停在他的唇瓣边缘,微微停顿。
“你脸红了。”面前的丫头忽然笑了,语气里满是发现秘密的惊喜,狡黠又可爱。
“酒气熏的。”陈锋嘴硬,强行压下心底的悸动,可耳根的滚烫却骗不了人。
“骗人。”她歪着头,眼底满是促狭,明亮又顽皮,和当年在图书馆里偷看书被抓的模样,一模一样,
“你的心跳好快,我都听见了。”
她说着,掌心缓缓下移,轻轻贴在了他的左胸口。
陈锋的喉结再次滚动,抬手覆在她的手背上。
他想低头,想吻上那片近在咫尺的唇,想把这个受尽委屈的姑娘护在怀里一辈子。
可他不能。
她醉了,不清醒,他不能趁人之危。
这是他的底线,也是对她的尊重。
沈浅浅低头看着交叠的双手,又抬头看向他的眼睛,嘴唇微微张开,温热的酒气拂在他的下巴上,勾得人心痒难耐。
接着又往前凑了一分,鼻尖几乎相抵,眼睫扫过他的眉骨,带来一阵细碎的痒意。
“陈锋。”她气音轻唤,缱绻又温柔。
然后,她的眼睛缓缓闭上。
不是刻意的闭眼,是浑身的力气瞬间被抽干,脑袋软软地往他的肩窝一歪,额头抵在他的领口,
呼吸瞬间变得均匀而绵长。
“……”
陈锋整个人僵在原地,哭笑不得。
满心的悸动,满心的克制,满心的暧昧拉扯,在她睡着的这一刻,尽数化为无奈。
他长长舒了一口气,说不清是失望,还是松了口气。
这磨人的丫头。
他保持着这个姿势,一动不动坐了许久,任由她靠在自己的肩窝。
又过了十几分钟,陈锋极轻地叹了口气,小心翼翼地将她的手从自己胸口挪开,拢在她的身前。
怀里的人不满地哼唧了一声,在他肩窝里蹭了蹭,找了个更舒服的姿势,睡得更沉了,像只温顺的小猫。

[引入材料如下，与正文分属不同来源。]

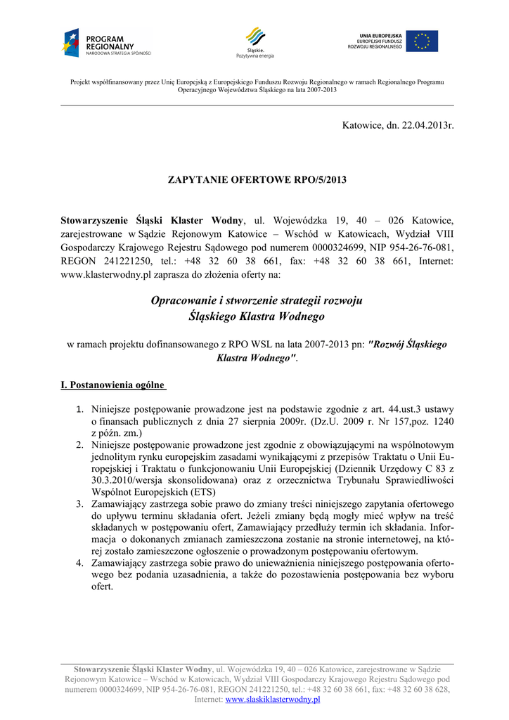 Projekt współfinansowany przez Unię Europejską z Europejskiego Funduszu Rozwoju Regionalnego w ramach Regionalnego Programu Operacyjnego Województwa Śląskiego na lata 2007-2013 Katowice, dn. 22.04.2013r. ZAPYTANIE OFERTOWE RPO/5/2013 Stowarzyszenie Śląski Klaster Wodny, ul. Wojewódzka 19, 40 – 026 Katowice, zarejestrowane w Sądzie Rejonowym Katowice – Wschód w Katowicach, Wydział VIII Gospodarczy Krajowego Rejestru Sądowego pod numerem 0000324699, NIP 954-26-76-081, REGON 241221250, tel.: +48 32 60 38 661, fax: +48 32 60 38 661, Internet: www.klasterwodny.pl zaprasza do złożenia oferty na: Opracowanie i stworzenie strategii rozwoju Śląskiego Klastra Wodnego w ramach projektu dofinansowanego z RPO WSL na lata 2007-2013 pn: "Rozwój Śląskiego Klastra Wodnego". I. Postanowienia ogólne 1. Niniejsze postępowanie prowadzone jest na podstawie zgodnie z art. 44.ust.3 ustawy o finansach publicznych z dnia 27 sierpnia 2009r. (Dz.U. 2009 r. Nr 157,poz. 1240 z późn. zm.) 2. Niniejsze postępowanie prowadzone jest zgodnie z obowiązującymi na wspólnotowym jednolitym rynku europejskim zasadami wynikającymi z przepisów Traktatu o Unii Europejskiej i Traktatu o funkcjonowaniu Unii Europejskiej (Dziennik Urzędowy C 83 z 30.3.2010/wersja skonsolidowana) oraz z orzecznictwa Trybunału Sprawiedliwości Wspólnot Europejskich (ETS) 3. Zamawiający zastrzega sobie prawo do zmiany treści niniejszego zapytania ofertowego do upływu terminu składania ofert. Jeżeli zmiany będą mogły mieć wpływ na treść składanych w postępowaniu ofert, Zamawiający przedłuży termin ich składania. Informacja o dokonanych zmianach zamieszczona zostanie na stronie internetowej, na której zostało zamieszczone ogłoszenie o prowadzonym postępowaniu ofertowym. 4. Zamawiający zastrzega sobie prawo do unieważnienia niniejszego postępowania ofertowego bez podania uzasadnienia, a także do pozostawienia postępowania bez wyboru ofert. Stowarzyszenie Śląski Klaster Wodny, ul. Wojewódzka 19, 40 – 026 Katowice, zarejestrowane w Sądzie Rejonowym Katowice – Wschód w Katowicach, Wydział VIII Gospodarczy Krajowego Rejestru Sądowego pod numerem 0000324699, NIP 954-26-76-081, REGON 241221250, tel.: +48 32 60 38 661, fax: +48 32 60 38 628, Internet: www.slaskiklasterwodny.pl Projekt współfinansowany przez Unię Europejską z Europejskiego Funduszu Rozwoju Regionalnego w ramach Regionalnego Programu Operacyjnego Województwa Śląskiego na lata 2007-2013 II. Opis przedmiotu zamówienia: Prace nad strategią rozwoju Klastra odbywać się będą poprzez uczestnictwo podmiotu odpowiedzialnego za jej opracowanie w oparciu o pomysły/propozycje zgłaszane przez podmioty ŚKW na stronie www oraz podczas spotkań dwustronnych/trójstronnych organizowanych w ramach Projektu Rozwoju Śląskiego Klastra Wodnego. Prace nad strategią rozwoju będą trwały od dnia podpisania umowy do 30 listopada 2014 roku (zakończenie rzeczowe realizacji projektu). Na podstawie stworzonej strategii rozwoju Klastra, zostanie zorganizowana misja gospodarcza dla podmiotów Klastra. Tematem misji gospodarczej będzie już działanie zgodne z wypracowaną strategią rozwoju ŚKW, a prowadzone rozmowy podczas wyjazdu oraz podejmowane wspólne tematy z partnerami zagranicznymi opierać się będą na ściśle wyznaczonych celach rozwoju ŚKW. Zorganizowanie misji gospodarczej nie jest przedmiotem niniejszego zapytania. Podmiot (lub jego przedstawiciel) odpowiadający za prace nad strategią ma obowiązek uczestniczyć w wydarzeniach organizowanych w ramach Projektu zgodnie z poniższym harmonogramem: 1. Europejski Kongres Gospodarczy w Katowicach - II kwartał 2013 2. Warsztaty technologiczne: „Prezentacje innowacyjnych technologii branży wod.–kan. – Dobre praktyki ich zastosowania” - II kwartał 2013 3. Targi HydroSilesia w Sosnowcu - IV kwartał 2013 4. Konferencja branżowa HYDROINTEGRACJE w ramach Targów Urządzeń i Technologii Branży Wod.–Kan. „HydroSilesia” w Sosnowcu - IV kwartał 2013 Ponadto, podmiot (lub jego przedstawiciel) odpowiadający za prace nad strategią ma obowiązek spotykać się z Zamawiającym przynajmniej raz w miesiącu w celu monitorowania postępów prac nad strategią. W przypadku zintensyfikowania prac nad Strategią, Zamawiający może ustalić inny harmonogram spotkań z podmiotem realizującym zlecenie, a spotkania mogą odbywać się częściej niż raz w miesiącu. Wykonawca ma obowiązek na bieżąco analizować wpisy na stronie internetowej Klastra w celu zapewnienia stałego kontaktu z podmiotami Klastra. Jednocześnie, Wykonawca powinien aktywnie wykorzystywać stronę internetową Klastra w celu zadawania pytań podmiotom Klastra lub weryfikacji założeń Strategii. III. Wymagania wobec Wykonawcy: 1. Wykształcenie wyższe humanistyczne ewentualnie ekonomiczne, 2. Doświadczenie w zakresie zarządzania strategicznego, 3. Doświadczenie w zakresie wspierania firm w pisaniu strategii (udokumentowane referencjami- min. 3 firm), 4. Doświadczenie prasowe, 5. Kreatywność, umiejętność pracy w zespole, 6. Znajomość podstaw idei clusteringu i polityki klastrowej w Polsce. Stowarzyszenie Śląski Klaster Wodny, ul. Wojewódzka 19, 40 – 026 Katowice, zarejestrowane w Sądzie Rejonowym Katowice – Wschód w Katowicach, Wydział VIII Gospodarczy Krajowego Rejestru Sądowego pod numerem 0000324699, NIP 954-26-76-081, REGON 241221250, tel.: +48 32 60 38 661, fax: +48 32 60 38 628, Internet: www.slaskiklasterwodny.pl Projekt współfinansowany przez Unię Europejską z Europejskiego Funduszu Rozwoju Regionalnego w ramach Regionalnego Programu Operacyjnego Województwa Śląskiego na lata 2007-2013 IV. Kryterium wyboru 1. Cena wyrażona, jako kwota brutto za usługę: 50 % kryterium oceny oferty. 2. Doświadczenie Wykonawcy oraz zakres tematyczny (założenia strategii i wiodący zespołu projektowego, wykaz realizowanych dokumentów planistycznych dotyczących stra
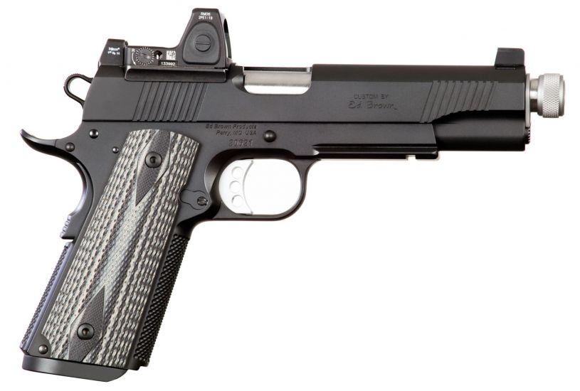 Ed Browns Special Forces Gen 4 *CA Compliant* pistol is built for pure performance and extreme use. The forged carbon steel frame and slide are coated with black Gen4 coating, and has a beavertail grip and ambidextrous extended tactical thumb safety. The premium match grade barrel has solid steel bushing for the highest accuracy, and has fixed dovetail 3-dot night sights with high visibility white outlines.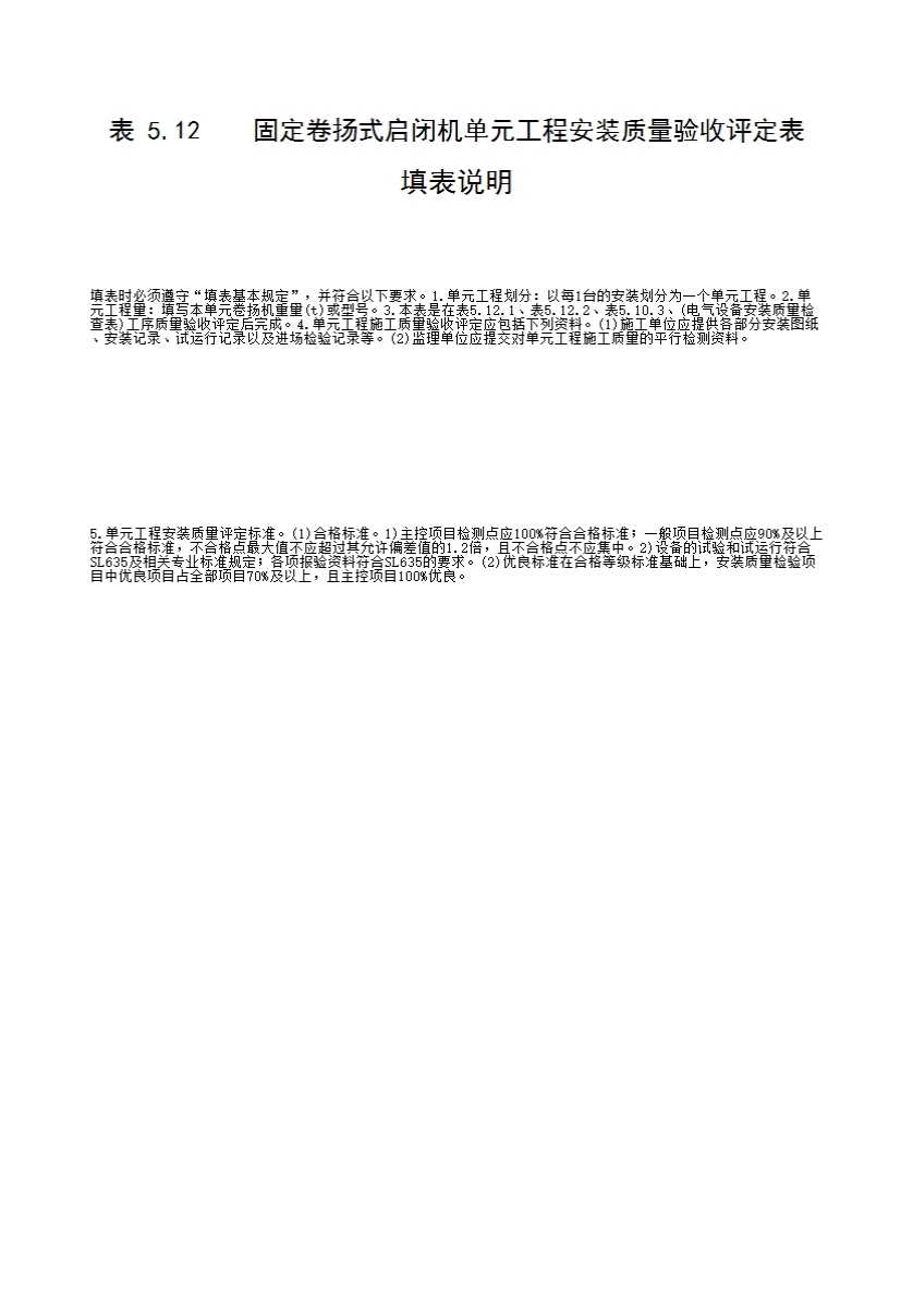 表格名称:表5.12 固定卷扬式启闭机单元工程安装质量验收评定表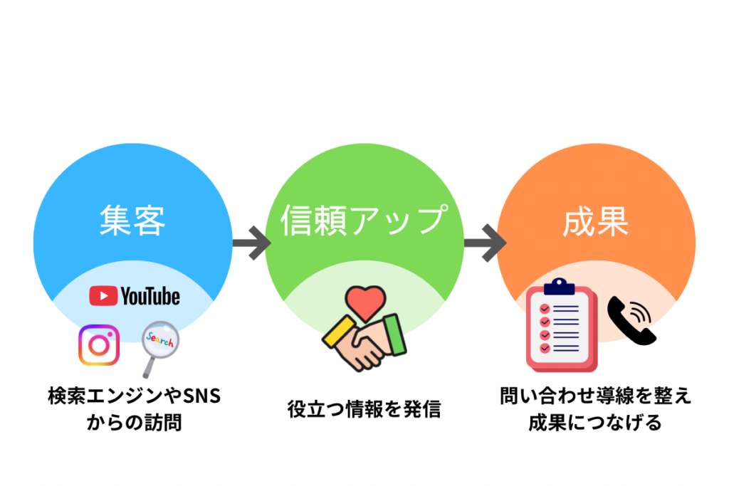 たとえば、検索エンジンやSNSからの訪問をきっかけに、役立つ情報発信でユーザーからの信頼を高めます。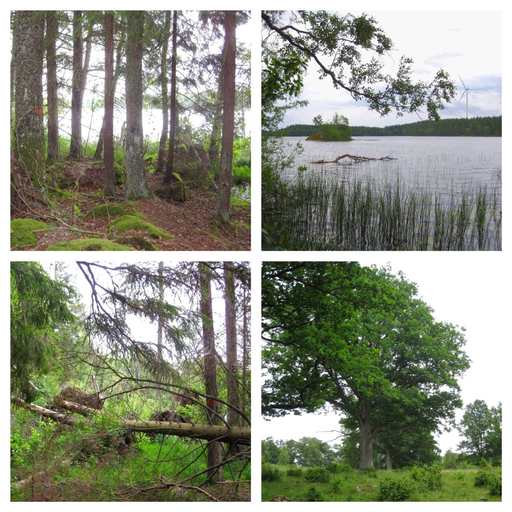 Here we continued through the forest, and soon reached the lake Kunhultasjön. The trail follows the shore, but you can’t walk there because of all the fallen trees. Before I had time to grasp the situation I stood there with the dogs and backpack, between falled logs and had no other choice but to once again crawl my way through. Not entierly easy with the ground being wet and covered with branches. To add one more cozy factor we heard the noise form a wind factory station the entire time. But eventually we got out from the mess and away from the lake and reached another pasture.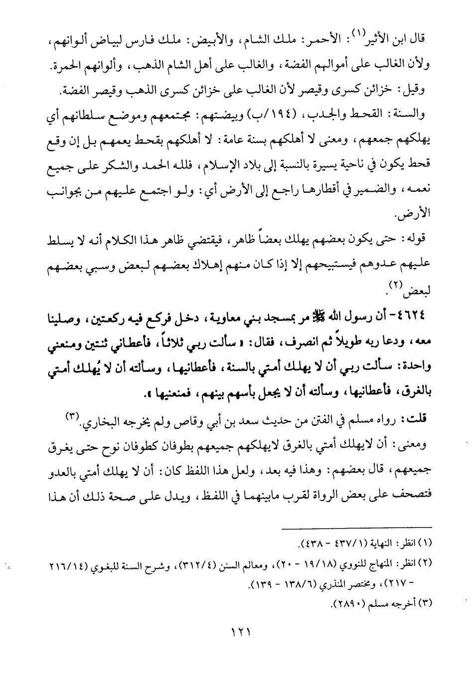 ومعنى: أن لا يهلك أمتي بالغرق لا يهلكهم جميعهم بطوفان كطوفان نوح حتى يغرق جميعهم، قال بعضهم: وهذا فيه بعد، ولعل هذا اللفظ كان: أن لا يهلك أمتي بالعدو فتصحف على بعض الرواة لقرب ما بينهما في اللفظ، ويدل على صحة ذلك أن هذا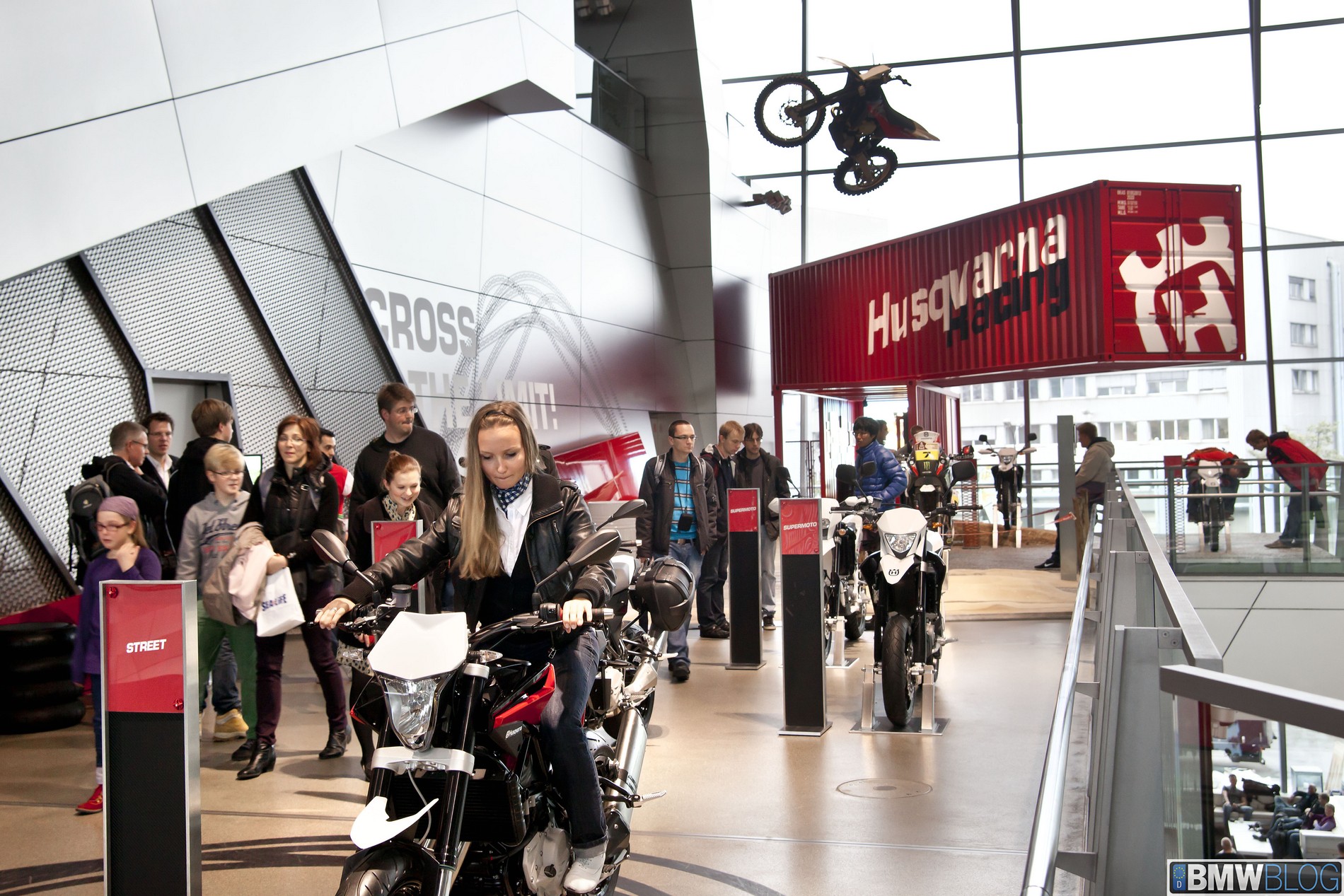 Surprising and unconventional ideas allow the visitor to experience all aspects of the MINI brand in a fun, interactive way. For example, an oversized iPhone running a simulation of the MINI Connected app demonstrates individual functions. In the MINI Lounge, visitors can post a picture of themselves on the photo wall for posterity. The Rolls-Royce presentation is stylish and modern: Films and exhibits highlight the countless hours of meticulous handwork that go into every Rolls-Royce. One of the Rolls-Royce cars is always open to visitors. Anyone who wishes to can sit inside a Rolls-Royce – touch it, see it, smell it, savour it. The BMW Motorrad area features more than just motorcycles. The Biker’s Lodge serves as a platform for the unique motorcycle community, and provides a casual atmosphere for sharing stories and recollections about travels, routes and tours. The Husqvarna brand is staged in a way that appears to defy the laws of gravity: A motorbike is suspended in the air above the visitors’ heads, and even the red Husqvarna container, positioned above the whole brand area in the upper level of the BMW Welt, appears to be free of gravity.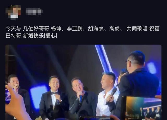 当然,几位圈内好友齐聚一堂,也皆是为了参加众人的共同好友,一位名叫巴特的男子的新婚仪式,视频中,李亚鹏、杨坤、胡海泉、高虎等人合作了一首《路灯下的小姑娘》为新婚仪式带来全场高潮,包括现场气氛看上去也是十分融洽。

他俯身,一只手揽住她纤细的肩背,一只手托住她的腿弯,小心翼翼地将人打横抱了起来。
怀里的人身子很轻,在他怀里微微蜷缩,脸埋进他的胸膛,手指无意识地攥紧了他的衣襟,攥得紧紧的,像是抓住了唯一的依靠。
陈锋抱着她,脚步放得极轻,缓缓穿过院子。
推开她的房门,借着月光,轻轻将她放在温热的土炕上。
怀里人的手指依旧攥着他的衣襟不肯松开,
陈锋无奈,只能耐着性子,一根一根,轻轻掰开她的手指。
掰到最后一根时,她迷迷糊糊地嘟囔了一句听不清的梦话,翻身侧躺,把脸埋进柔软的枕头里,睡得愈发香甜。